Establish the different roles involved
The IT system teams consists of a network of support professionals.
You should be able to define the escalation path for end-user support and incident resolution, as well as a list of the different functions for each IT teams involved around the SharePoint farms.
Below is an example of functions:
- End-user support
- Service incident resolution
- SharePoint farm exploitation
- Third-party Application Maintenance (in French: TMA) of customised development (includes minor evolution)
- Major evolution (customised development and infrastructure)
- Change management
- User training
Use a RACI chart to give responsibility and scope of each team
|RACI Chart identifies who is Responsible, Accountable, Consulted and Informed|
|Responsible||Those who do work to achieve the task, there can be multiple resources responsible|
|Accountable||The resource ultimately accountable for the completion of the task- there must be exactly one A specified for each task|
|Consulted||Those whose opinions are sought. 2 way communication|
|Informed||Those that are kept up-to-date on progress. 1 way communication|
Your RACI chart can either be based on:
- Your own set of roles
- ITIL only
- Or a mix of both!
Usually it involves go-live activities, release management as well as run/support tasks.

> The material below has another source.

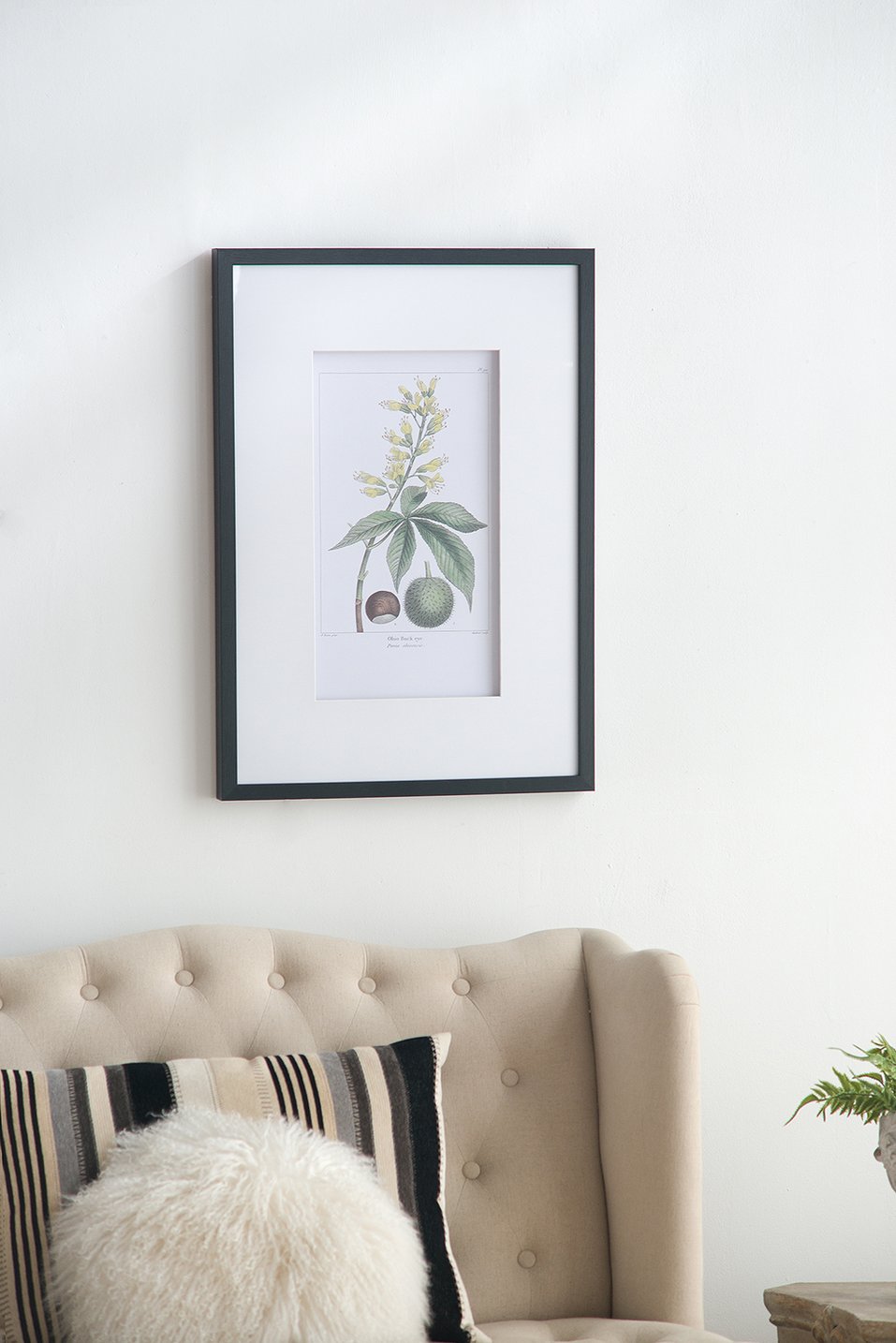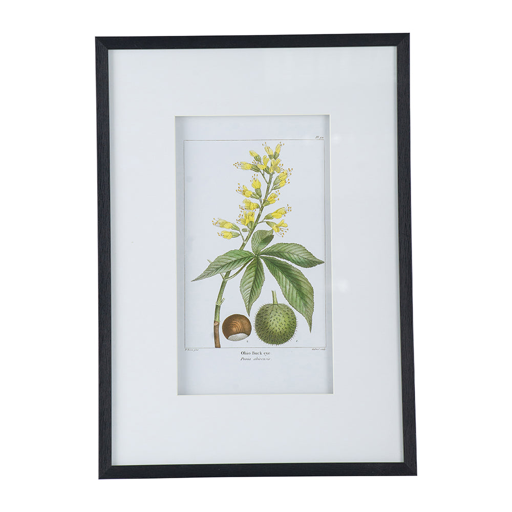 - Set Includes: Two framed botanical art prints featuring leaves, flowers, and fruit on white backgrounds

Example of standard ITIL roles includes
|Business Relationship Manager|
|IT Steering Group (ISG)|
|Service Portfolio Manager|
|Service Strategy Manager|
|Information Security Manager|
|IT Service Continuity Manager|
|Service Catalogue Manager|
|Service Design Manager|
|Service Level Manager|
|Change Advisory Board (CAB)|
|Emergency Change Advisory Board (ECAB)|
|1st Level Support (operators and helpdesk)|
|2nd Level Support (= level 3 experts)|
|3rd Level Support (= suppliers)|
|IT Operations Manager|
|Major Incident Team|
|Service Request Fulfilment Group|